In mathematics, there is a general philosophy (I think due to Grothendieck) that one should work not with a bad category containing nice objects, but with a nice category containing bad objects. (The category of schemes over a base scheme is perhaps one example, as is the category of presheaves on a category.) The statement applied to analysis is perhaps that working with a nice space is more important than the objects in it. For instance, the spaces one may obtain from the Lebesgue integral--namely, the $L^p$ spaces--are wonderful from the point of view of analysis; they are Banach spaces (Hilbert if $p=2$), and with very weak hypothesis have the duality property $(L^p)^* = L^q$ for $p, q$ conjugate exponents (and $p \neq \infty$).
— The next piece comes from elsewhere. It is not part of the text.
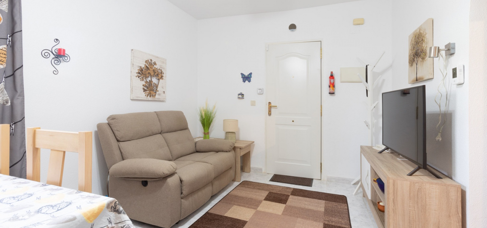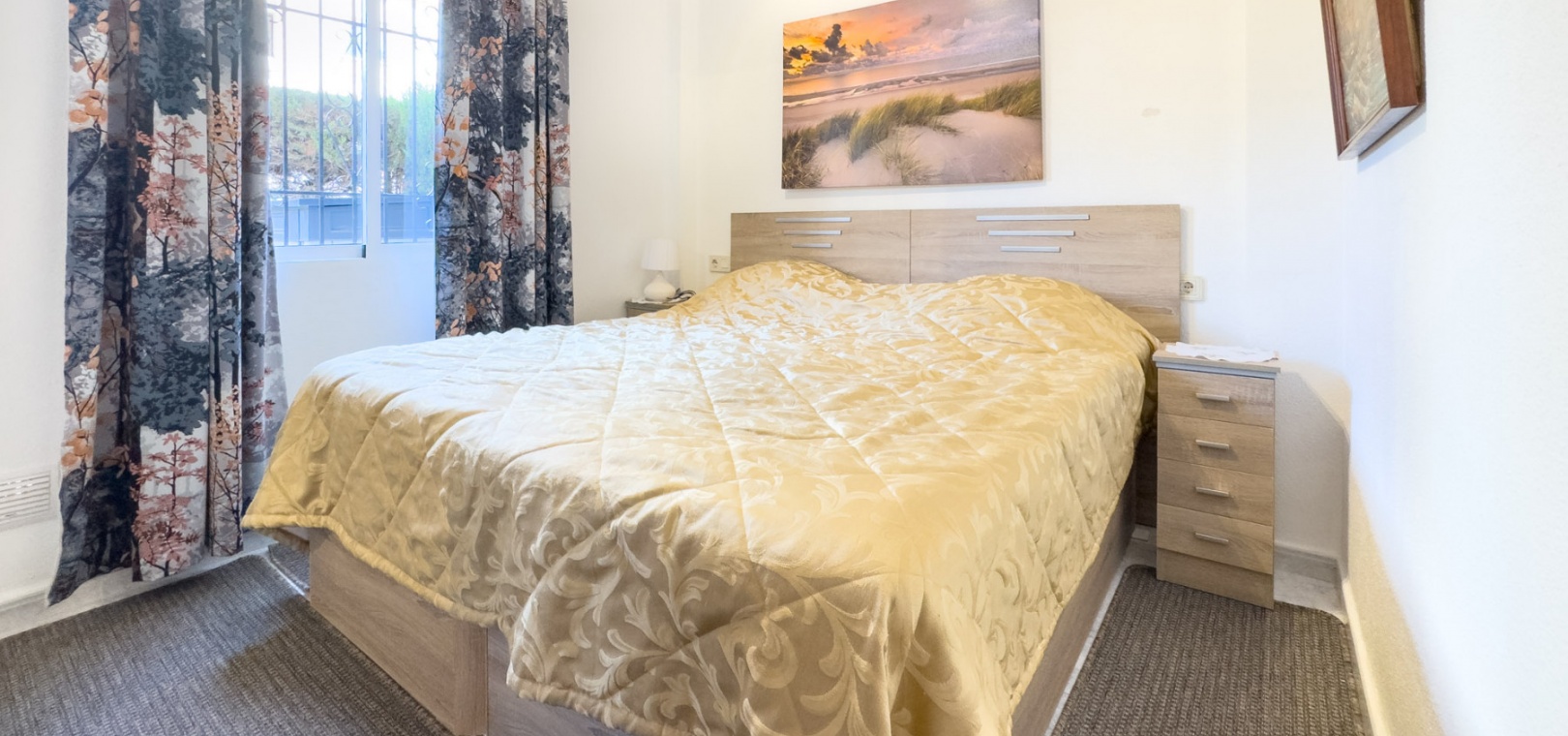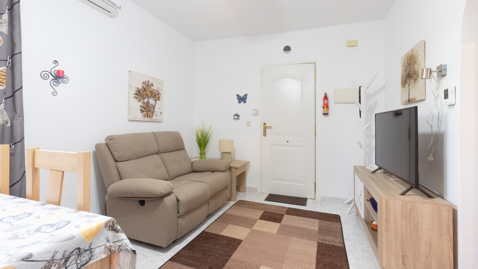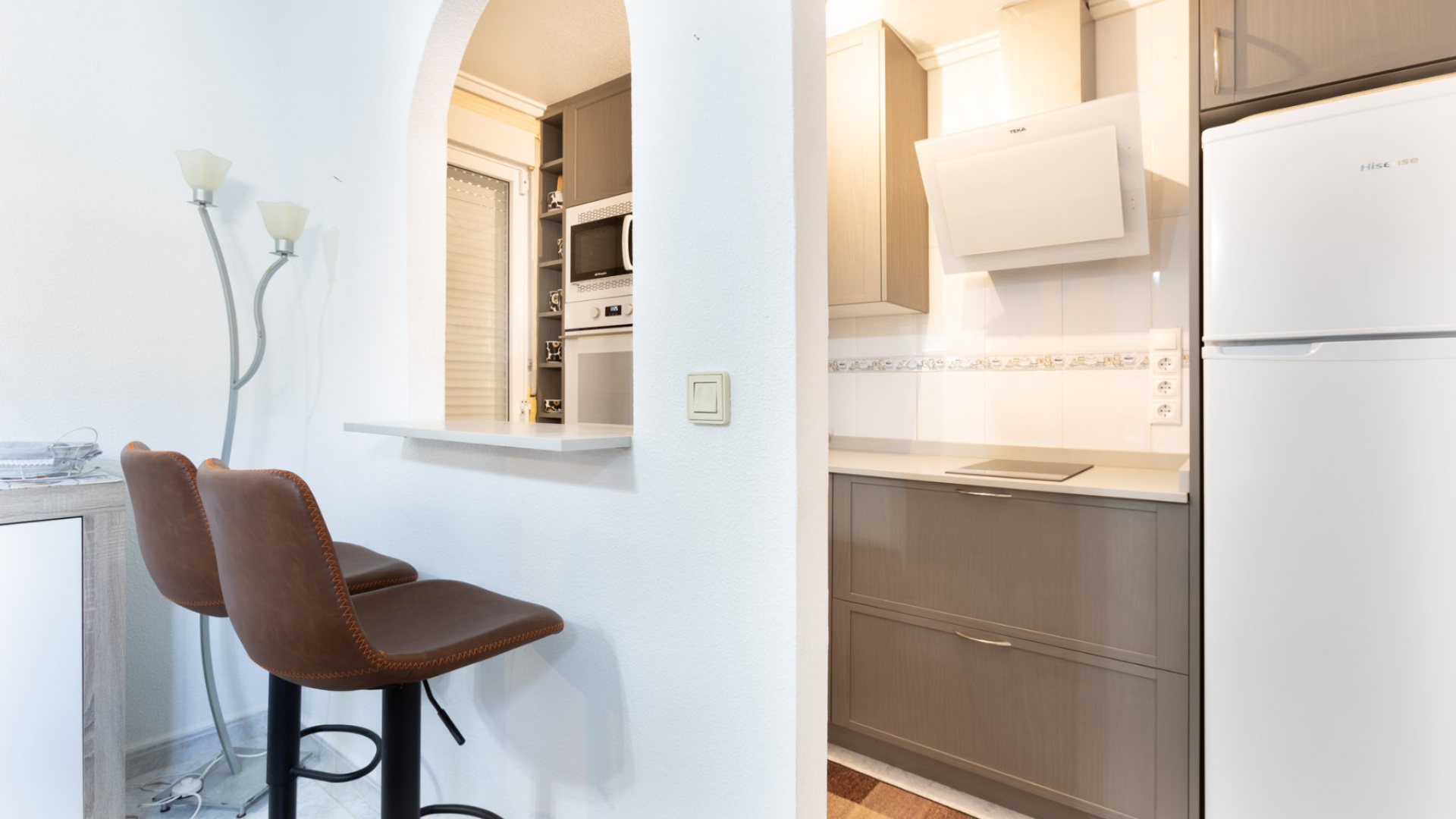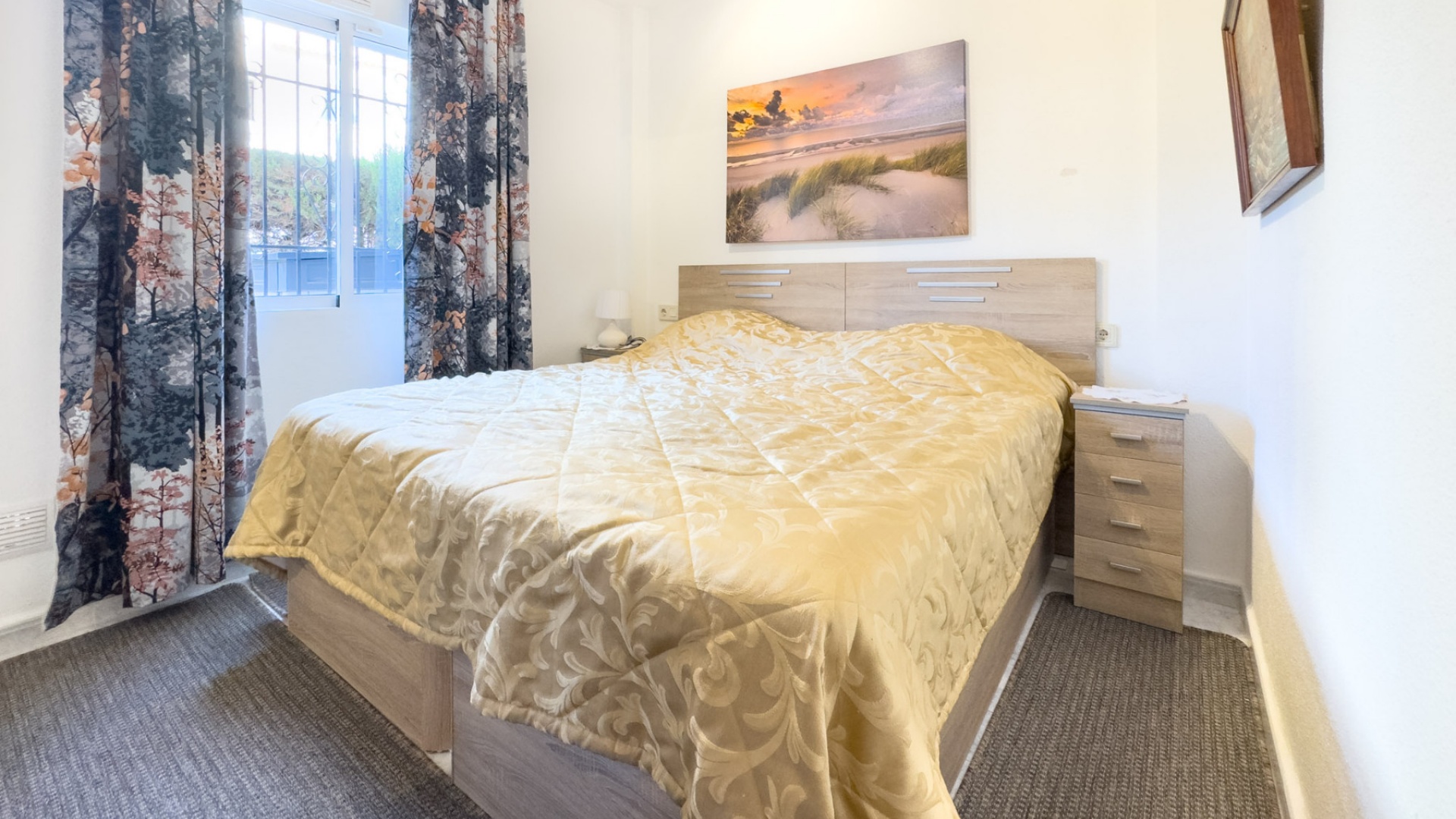 Die Wohnung verfügt über zwei geräumige Schlafzimmer und ein gepflegtes Badezimmer. Die Küche wurde kürzlich modern renoviert, und die Klimaanlage sorgt ganzjährig für ein angenehmes Raumklima. Ein großer Vorteil dieser Immobilie ist der private, eingezäunte Garten, der auch Platz für ein Auto bietet und durch ein praktisches privates Tor erreichbar ist. Dies trägt zum Komfort des Alltags bei und bietet zusätzliche Privatsphäre und Sicherheit.

By contrast, the Henstock-Kurzweil integral does not lend itself to such nice spaces: to define a norm on some subspace of the space of integrable functions, you would presumably need to consider the integral of the absolute value. But functions $f$ such that $|f|$ is HK-integrable are in fact Lebesgue integrable! So no new information is gained. The fact that the Lebesgue integral can't handle the derivative of every differentiable function is made up for by the niceness of the resulting function spaces.

(If I remember correctly, one can make the space of all HK-integrable functions into a topological vector space, but it's not anywhere near as nice as the Banach spaces that one obtains via the Lebesgue integral.)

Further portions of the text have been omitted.